Series of land mines

The 4AHM-100, AHM-200, AHM-200-1, AHM-200-2, PMN-150, and PMN-250 are Bulgarian directional fragmentation mines that can be used with proximity fuzes to function as anti-helicopter mines.

==Description==
The systems were developed by the Bulgarian Institute of Metal Science, and are based around electronic fuzes with broadly similar functionality. The fuzes use two sensors. The first, an acoustic sensor, arms the mine as a helicopter approaches. The second sensor is a radar, which locates the target and triggers the mine at the appropriate point. The mines all use a number of large Misnay-Schardin effect warheads to project large numbers of fragments to an effective range of around 200 meters. Jane's Mines and Mine Clearance speculates that IFF could be integrated into the fuze circuit to discriminate against friendly aircraft, lowering the chances of friendly fire.

==Mines==
===PMN-150 and PMN-250===
The PMN-150 and PMN-250 are large directional fragmentation mines that scatter fragments in a 60 degree horizontal arc. The PMN-150 produces approximately 1,500 fragments that have an effective range of 150 meters. The PMN-250 is a larger mine which produces 2,100 fragments that have an effective range of 250 meters. The mines have a number of electronic fuzes available including three microwave fuzes, an acoustic fuze and a seismic sensor. The mines can be remotely triggered or deactivated.

===Anti-Transport Mine===
The "Anti-Transport Mine" is a large circular directional fragmentation mine that uses an internal fragmentation matrix and five Misnay-Schardin plates. The fragmentation matrix produces a large number of small fragments, and the Misnay–Schardin plates produce large fragments that can penetrate armoured vehicles.

The mine appears to be based on the PMN-250 mine, and the mine is likely to have an effective range of 250 meters.

===4AHM-100===
The 4AHM-100 uses four 30 kilogram mines with a single central sensor. The mines are triggered simultaneously when the sensor detects a target inside the effective footprint of the mines.

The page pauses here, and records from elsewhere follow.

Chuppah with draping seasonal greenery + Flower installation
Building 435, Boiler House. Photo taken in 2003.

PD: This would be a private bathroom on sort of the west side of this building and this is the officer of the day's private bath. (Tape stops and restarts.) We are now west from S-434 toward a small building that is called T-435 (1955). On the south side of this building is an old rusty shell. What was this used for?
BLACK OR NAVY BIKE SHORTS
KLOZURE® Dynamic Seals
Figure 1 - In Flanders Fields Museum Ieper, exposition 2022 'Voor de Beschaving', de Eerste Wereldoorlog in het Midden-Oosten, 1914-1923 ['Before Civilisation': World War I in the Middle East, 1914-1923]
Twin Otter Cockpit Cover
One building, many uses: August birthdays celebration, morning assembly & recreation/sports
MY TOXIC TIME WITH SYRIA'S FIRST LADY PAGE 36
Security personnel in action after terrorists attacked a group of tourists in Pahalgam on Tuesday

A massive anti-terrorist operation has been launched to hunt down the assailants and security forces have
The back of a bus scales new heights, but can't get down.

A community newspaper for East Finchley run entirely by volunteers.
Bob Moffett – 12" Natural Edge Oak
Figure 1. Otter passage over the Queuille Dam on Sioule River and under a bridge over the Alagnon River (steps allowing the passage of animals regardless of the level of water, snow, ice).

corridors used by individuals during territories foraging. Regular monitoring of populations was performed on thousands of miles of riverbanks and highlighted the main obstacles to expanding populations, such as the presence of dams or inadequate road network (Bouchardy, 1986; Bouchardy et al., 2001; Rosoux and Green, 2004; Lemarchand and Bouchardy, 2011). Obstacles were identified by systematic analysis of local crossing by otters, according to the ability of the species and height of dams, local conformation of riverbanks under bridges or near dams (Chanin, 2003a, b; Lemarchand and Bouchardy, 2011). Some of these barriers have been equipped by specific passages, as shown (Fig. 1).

The mine is currently at the prototype stage.

===AHM-200===
The AHM-200 weighs 35 kilograms and contains 12 kilograms of TNT. The mine's warhead has two sections, a large rectangular warhead with a pre-notched fragmentation liner that produces 1,960 fragments, and a secondary warhead with five Misnay–Schardin plates that produce large self-forging fragments. The fragments scatter in an arc of 20 degrees to an effective range of 200 meters, and will penetrate 10 millimeters of armour at 100 meters.

===AHM-200-1===
The AHM-200-1 weighs 90 kilograms. Like the AHM-200 it consists of two sections, a large circular fragmentation warhead with a filling of ball bearings, and a horizontal section with five Misnay–Schardin effect plate charges. The two sections are mounted on a sturdy tripod with a sensor mounted above that contains a Doppler radar fuze and an acoustic fuze. The mine has an effective range of about 100 meters.

===AHM-200-2===
The AHM-200-2 weighs 90 kilograms, and is similar to the AHM-200-1, except that it uses a rectangular fragmentation warhead that produces 1,960 fragments.